Si on continue notre examen, on voit la complexité du point de vue orthographique, comme par exemple des mots :
aujourd'hui = 1 mot
l'enfant = 2 mots
portefeuille = 1 mot
porte-clés = 1 mot
Les chaînes parlées offrent également des cas intéressants à analyser. La chaîne sonore [tõmãtoɛtuvɛR] peut être décomposée en : Ton manteau est ouvert ou Ton manteau est tout vert.
Tout cela veut dire qu'on ne peut pas se baser sur un seul critère pour définir un mot.
* La lexie : C'est une unité lexicale qu'une personne doit mémoriser au cours de son apprentissage d'une langue et qui constitue un élément de la compétence d'un usager. Par exemple zut, ONU, livre, anticorps, tire-bouchon, à toute vitesse, chercher midi à quatorze heures sont des lexies.
Losrqu'on examine la forme d'un mot, on peut constater qu'il y a certains mots dont la forme change mais le sens ne change pas à côté d'autres qui à nouvelle forme nouveau sens. On parle de mots fléchis d'une part et de mots dérivés et composés d'autre part.
===> à voir : mots naturels et mots construits.
9. L'unité lexicale
Cruise définit l'unité lexicale comme la plus petite partie répondant aux 2 critères suivants : 1/ une unité lexicale doit être au moins un constituant sémantique, et 2/ une unité lexicale doit être au moins un mot. [2]

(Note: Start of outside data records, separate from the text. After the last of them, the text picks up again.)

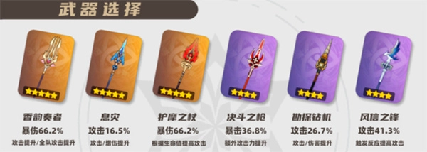護摩之杖(胡桃專屬武器):增強生存與攻擊方面的能力,不過要留意暴擊率與暴擊傷害的匹配情況。
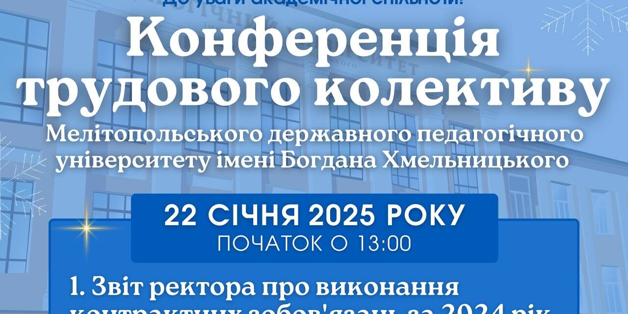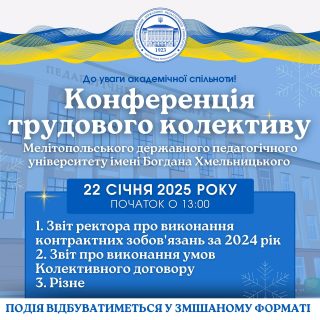 ✅📝22 січня 2025 року о 13:00 відбудеться конференція трудового колективу Мелітопольського державного педагогічного університету імені Богдана Хмельницького
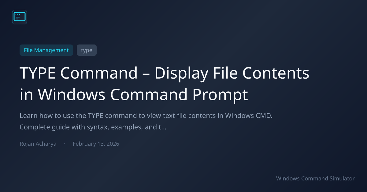 Learn how to use the TYPE command to view text file contents in Windows CMD. Complete guide with syntax, examples, and tips for displaying file content.
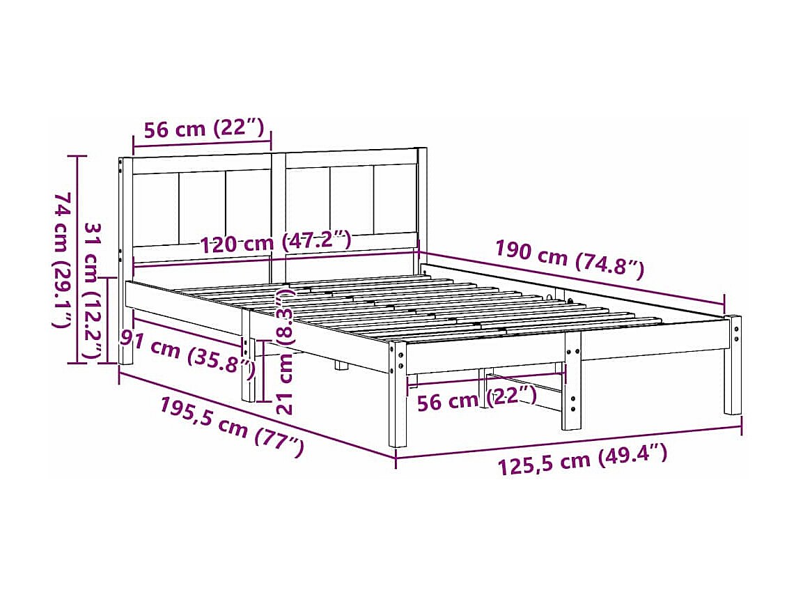 Cadre de lit sans matelas blanc 120x190 cm bois de pin massif
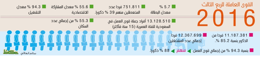 وكانت الهيئة العامة للإحصاء السعودية أعلنت أن معدل البطالة للربع الثالث من العام الماضي بلغ 5.7%، وعدد المتعطلين بلغ 751.811 فردا منهم 39% ذكورا.
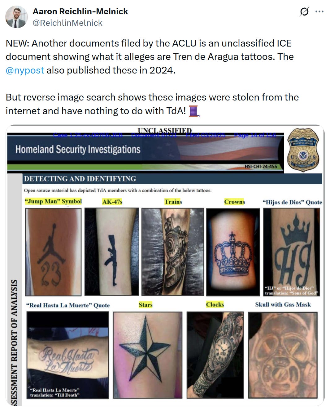 Moreover, ICE has arrested and deported immigrants simply for having tattoos. The American Civil Liberties Union (ACLU) got access to internal documents that show that ICE is using random photos from Google to absurdly claim that tattoos of a star, a crown, or Michael Jordan are “gang symbols”.
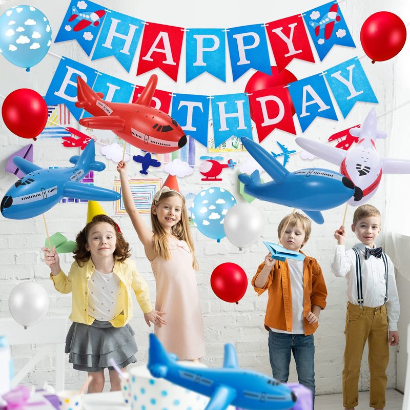 Airplane Birthday Party Supplies 56 Pieces Airplane Themed Party Decoration with Inflatable Airplane Balloons Thick Latex Balloon Happy Birthday Banners Airplane Cloud Balloon Decor
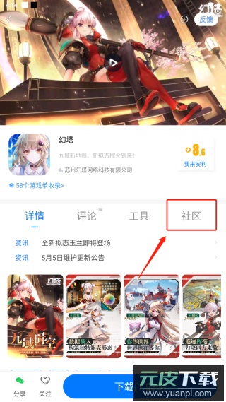 5、进入游戏详情页后,点击社区按钮;
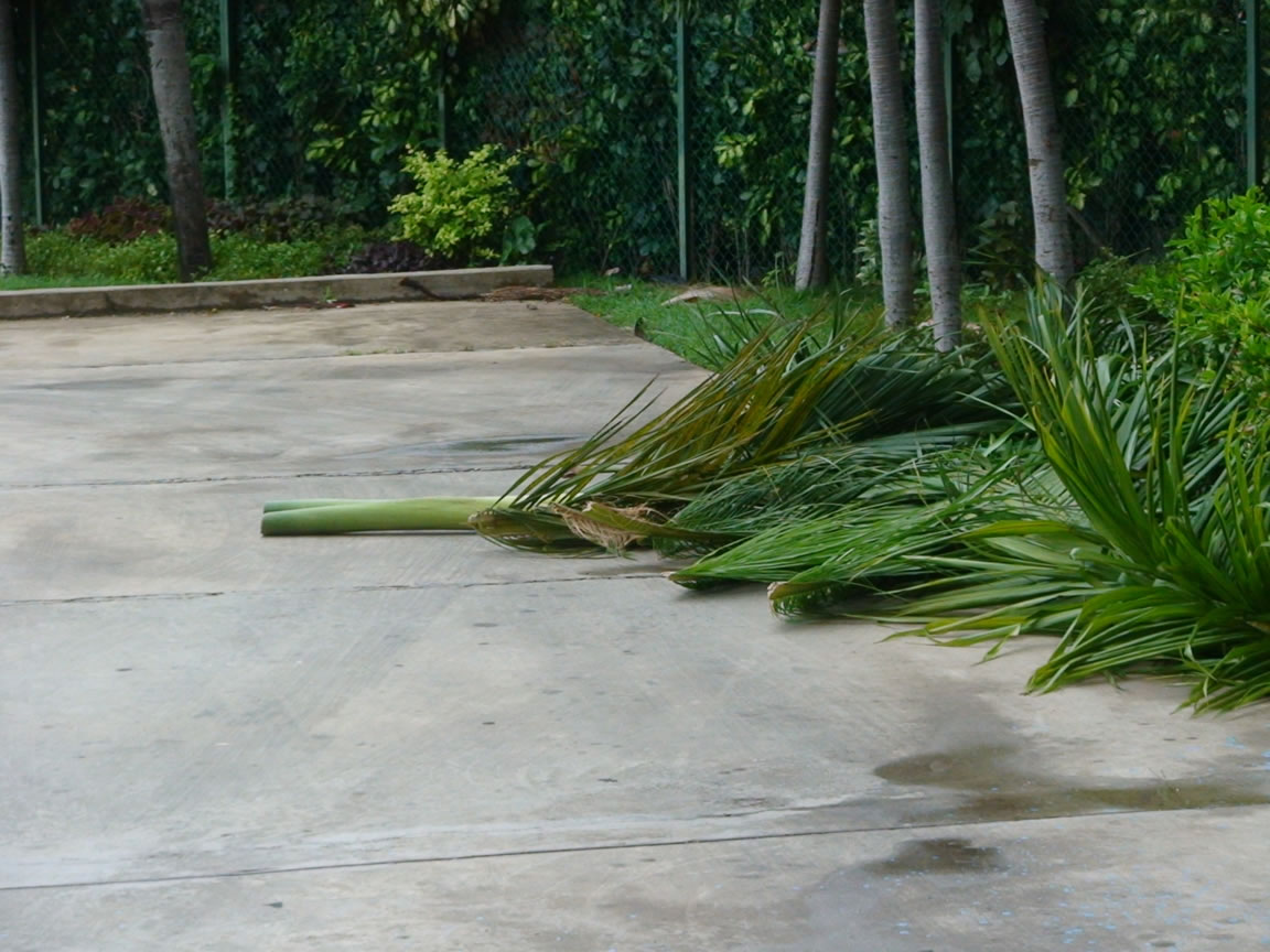 Santiago de Cuba - Outside the Hotel Meile reception - broken palm fonds

L'élément mé- dans mécontent ou méfiance a un sens mais n'est pas un mot, n'est donc pas une unité lexicale tandis qu'étant un mot, lune n'est pas une unité lexicale dans lune de miel parce qu'il n'est pas un constituant sémantique. Et pourtant, mécontent, méfiance, lune de miel sont des unités lexicales. Il faudra souligner ici que l'objet de la lexicologie est l'étude du lexique et ce sont des unités lexicales comme celles-ci qui intéressent et font l'objet.
Références bibliographiques
[1] Aïno Niklas-salminen, La lexicologie, Armand Colin.
[2] Hélène Huot, Morphologie : Forme et sens des mots du francais, Armand Colin.
[3] Nicole Tournier et Jean Tournier, Dictionnaire de lexicologie, Ellipses.
[4] Paul Bogaards, Le vocabulaire dans l'apprentissage des langues étrangères, Hatier/Didier.